Lorch Jochen H, Posner Marshall R, Wirth Lori J, Haddad Robert I
Dana Farber Cancer Institute, SW430, 44 Binney Street, Boston, MA 02115, USA.
Hematol Oncol Clin North Am. 2008 Dec;22(6):1155-63, viii. doi: 10.1016/j.hoc.2008.08.004.
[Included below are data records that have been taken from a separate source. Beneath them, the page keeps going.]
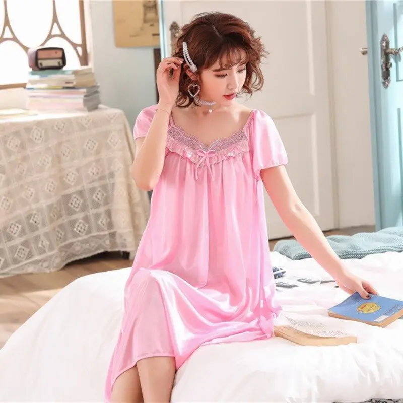 Женская ночная рубашка из искусственного шелка, свободная Однотонная ночная рубашка с коротким рукавом и оборками, кружевная Пижама с бантом, большие размеры
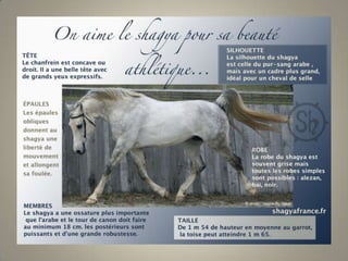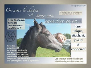 Le document présente l'Association Française du Cheval Shagya (AFCAS), qui promeut la race de chevaux shagya en France, avec un cheptel en plein essor et une reconnaissance internationale. Il met en avant les succès des chevaux shagya français dans des compétitions d'endurance et l'implication de l'association dans la communication et le développement de partenariats. L'AFCAS, fondée en 1987, vise à renforcer sa présence à l'international et à attirer de nouveaux partenaires pour soutenir ses activités.
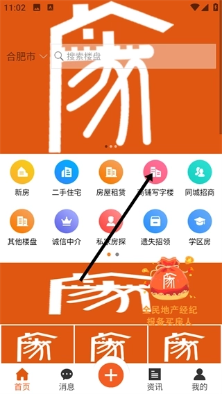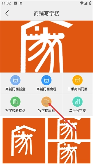 1、在首页点击【商铺写字楼】选项,即可进入商铺与写字楼相关的分类功能页面,该页面包含多种房产服务入口。
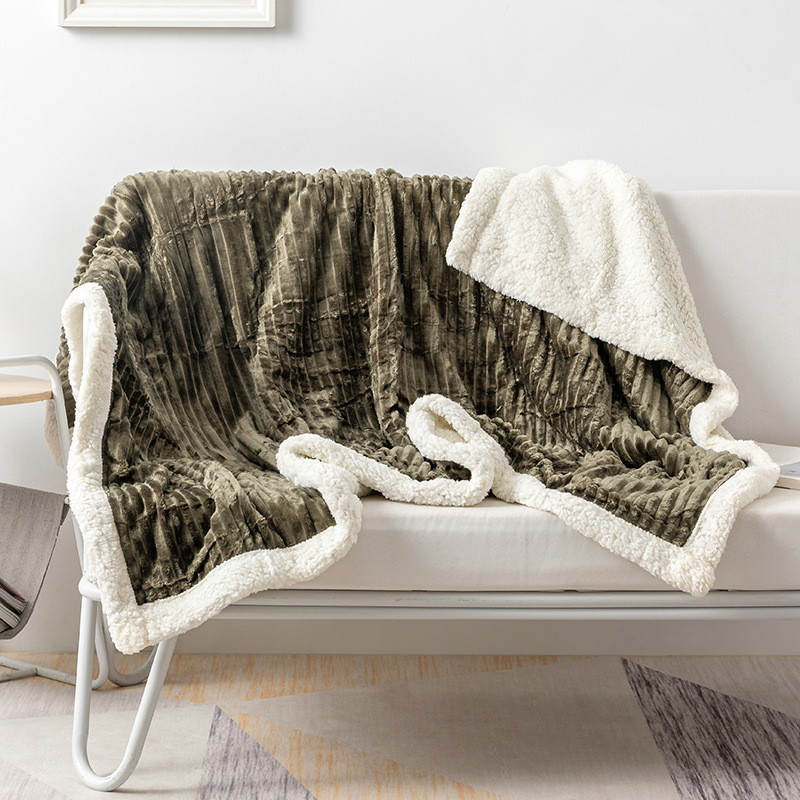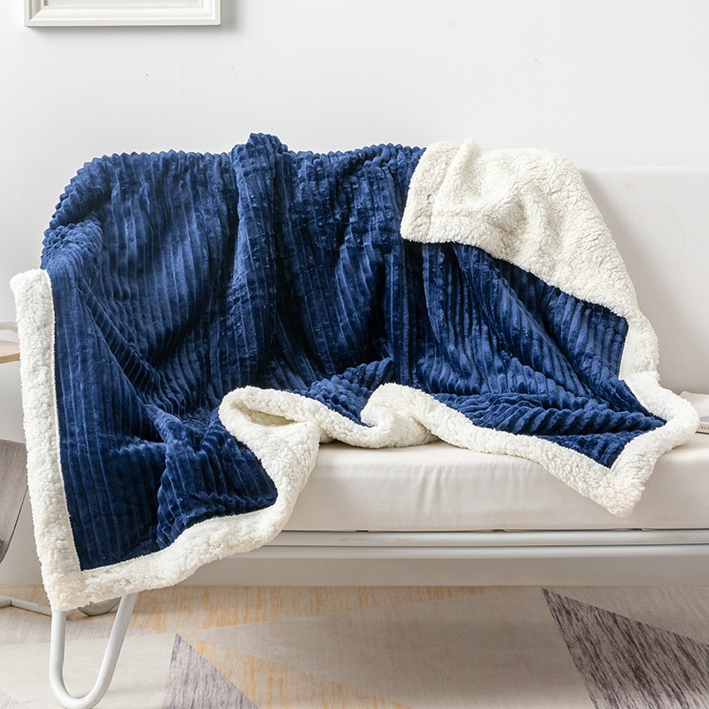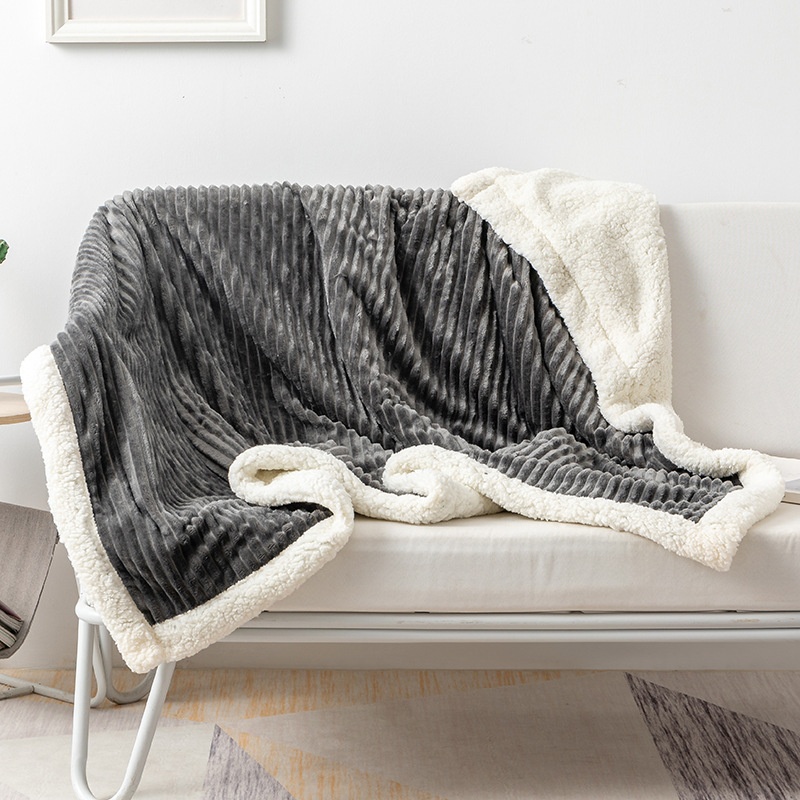 Luxurious striped lambswool blanket with double-layer thickened fabric for superior warmth and comfort.

Locally advanced squamous cell cancer of the head and neck is a major contributor to morbidity and mortality worldwide. Despite progress through the use of multimodality treatment involving surgery, radiotherapy, and chemotherapy in recent years, the survival remains poor, and treatment-related morbidity-mainly caused by radiation-induced effects such as soft tissue scarring, esophageal stenosis, xerostomia, dental decay, and osteoradionecrosis-is a major problem in long-term survivors. Data from early trials and encouraging results from meta-analyses have revived interest in the use of neoadjuvant or induction chemotherapy before definitive local treatment. Recent randomized trials have demonstrated marked improvements in survival with the addition of the taxane docetaxel (Taxotere) to the traditional induction regimen consisting of cisplatin and 5FU (TPF) compared with cisplatin and 5FU (PF) alone and have established a new standard of care. The newer TPF induction chemotherapy regimens also appear to be tolerated better than PF when accompanied by adequate supportive measures. Studies to enhance the efficacy of TPF induction chemotherapy by adding new targeted agents, such as the EGF-R inhibitors cetuximab and panitumumab, are underway.
局部晚期头颈部鳞状细胞癌是全球发病和死亡的主要原因。尽管近年来通过采用包括手术、放疗和化疗在内的多模式治疗取得了进展,但生存率仍然很低,而且与治疗相关的发病率——主要由辐射诱导的效应如软组织瘢痕形成、食管狭窄、口干、龋齿和放射性骨坏死引起——是长期存活者的一个主要问题。早期试验的数据和荟萃分析的鼓舞人心的结果重新激发了人们对在确定性局部治疗前使用新辅助或诱导化疗的兴趣。最近的随机试验表明,与单独使用顺铂和5-氟尿嘧啶(PF)相比,在由顺铂和5-氟尿嘧啶组成的传统诱导方案(TPF)中加入紫杉烷多西他赛(泰索帝)可显著提高生存率,并确立了新的治疗标准。当有足够的支持措施时,更新的TPF诱导化疗方案似乎也比PF耐受性更好。通过添加新的靶向药物(如表皮生长因子受体抑制剂西妥昔单抗和帕尼单抗)来提高TPF诱导化疗疗效的研究正在进行中。